The beans turned out really, really good.
thank you,
jane
Tava says
Hi! So, I don't know if this is what your looking for, but there is an option at http://www.myfitnesspal.com/ where you can enter all the ingredients for a recipe, how many servings the recipe makes, and it will tell you the individual calorie count for that dish. The site is free - hope it helps!
jane maihan says
Thanks so much!!1
Amy Taylor (comment moderator) says
Hi Jane. I would have said check out My Fitness Pal, too. We don't provide calorie info because we want people focusing on getting processed foods out of their lives and not so much on the numbers. Please let me know what other questions you need answered. I'm sure I miss a few here and there. :)
betsy says
I am already to make these tonight & looking forward to it & just realized I grabbed the wrong beans at the grocery store. I got roman beans instead of pinto beans. Would that be an ok substitution or should I wait to make till I get the pinto beans? thank you!
Assistant to 100 Days (Amy) says
Hello. Sorry, we are rarely able to answer recipe questions in real time. How did it turn out?
kathy says
immersion blender works fantastic to mash them
Danielle says
Thank you for this tip.

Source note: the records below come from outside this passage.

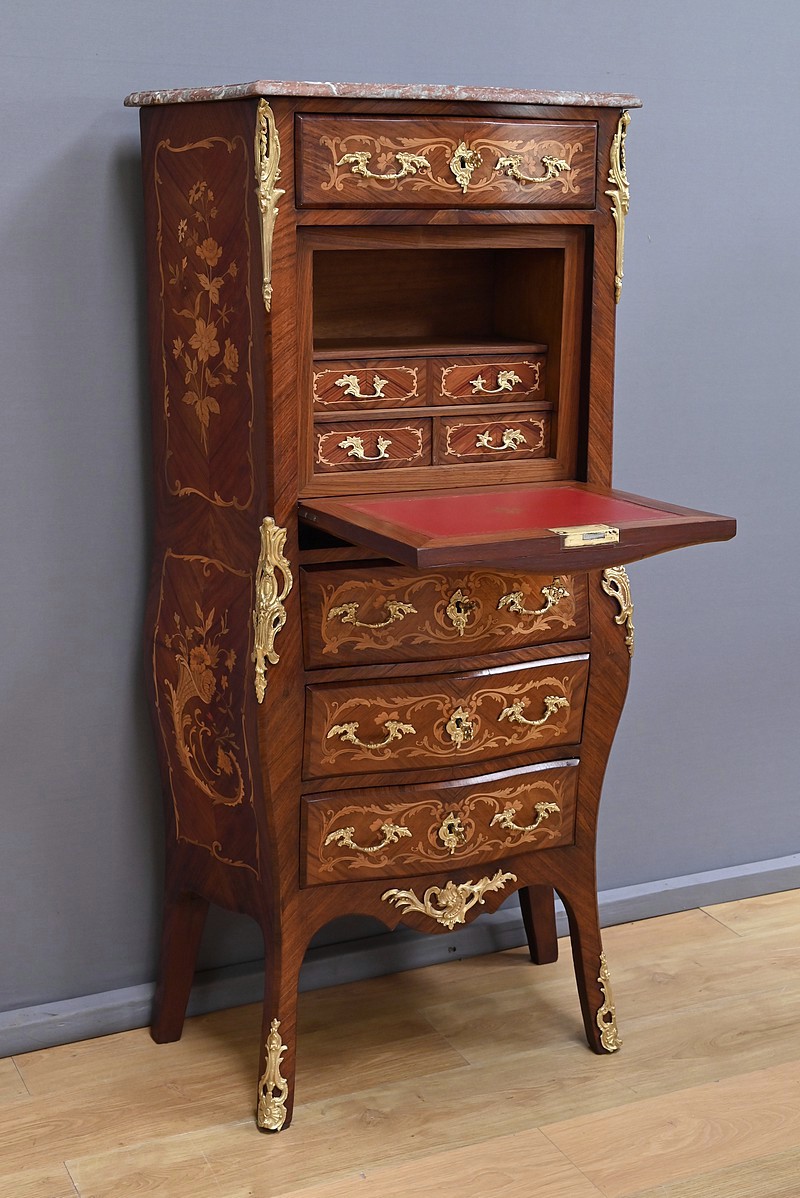 Superbe secrétaire d’époque Napoléon III, de style Transition, en placage de palissandre sublimé par une marqueterie de bois de rose et de bois clair à décor floral. Il s’organise en quatre tiroirs à traverses apparentes et un abattant central découvrant une niche et trois tiroirs. L’abattant, revêtu d’un cuir rouge neuf orné d’une vignette à froid et d’un élégant motif doré central, allie confort d’écriture et prestige esthétique. Les montants et pieds galbés sont rehaussés de chutes et de garnitures en bronze finement ciselées, tandis qu’une parure en bronze souligne la traverse basse du meuble. L’ensemble est couronné d’un marbre rouge royal, qui épouse avec grâce les lignes galbées du meuble. Toutes les serrures sont d’origine, parfaitement fonctionnelles, accompagnées de superbes entrées ouvragées et de clés finement travaillées. Une pièce remarquable, témoin de la qualité de l’artisanat français du XIXe siècle.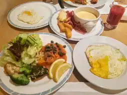 The room type was a standard double, and it didn't feel cramped, so it was fine, but the wind blew really hard all night, and I stayed up all night because of the rattling sound of the windows, but everything else was good😂 The breakfast buffet was also famous, so I had high expectations, but there were a lot of options, but the taste was just
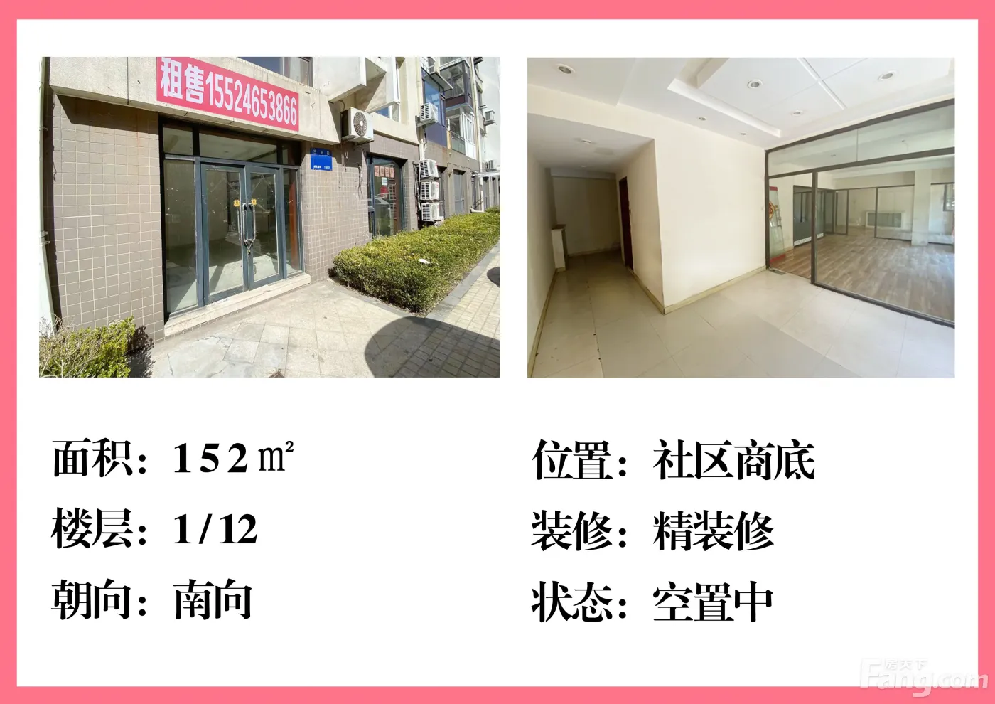 万合新家园社区商底整租,面积152.27平米,南向;位于马栏广场商圈,在万合新家园小区院内,购物方便、闹中取静。感兴趣的话,联系我吧~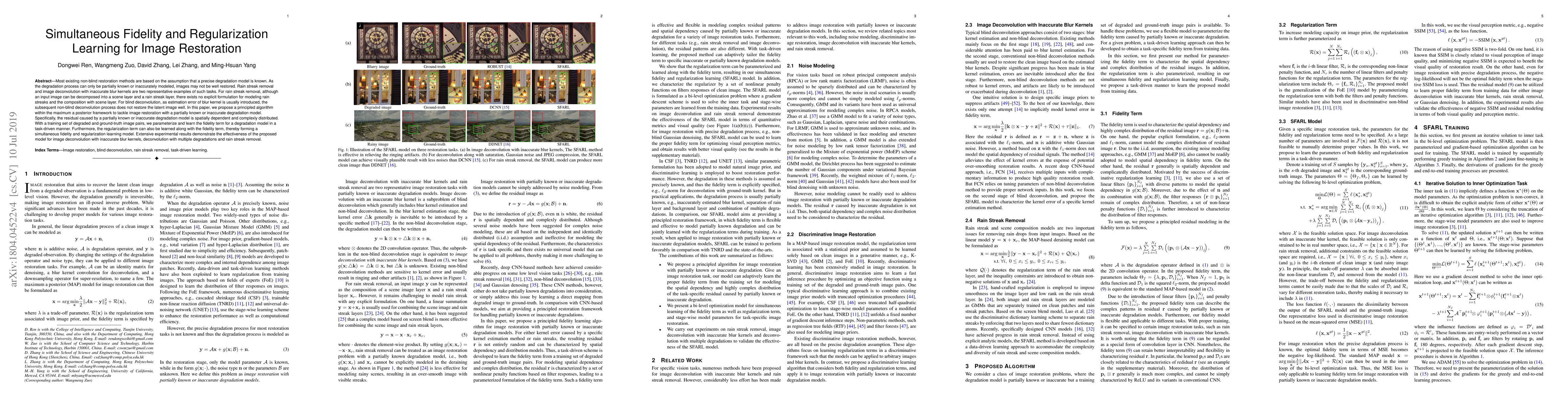This paper proposes a simultaneous fidelity and regularization learning algorithm within a maximum a posterior framework to address image restoration tasks where degradation models are partially known or inaccurate. The method learns both the fidelity and regularization terms from training data to improve restoration in scenarios like rain streak removal and deconvolution with inaccurate blur kernels.

I used mine and they were terrific.
Megan says
Super tasty and easy! I loved that I was able to put everything in my slow cooker overnight and wake up to homemade beans. The taste is great, but I think I might add a touch more salt next time. I also think I am going to double the recipe; I just felt it didn't make very much. I filled 5 half pint mason jars about 3/4 of the way full; for the effort of cleaning out the slow cooker, I will double it next time for freezing purposes.
Sarah says
If you look at the original recipe from allrecipes they use 1 tablespoon of salt for the 1 pound of beans. She drastically cut the amount down. I think 1 tablspoon is a bit excessive but I've done it with 1 1/2 teaspoons and it was prefect. I also added 2 strips of bacon, mmmm.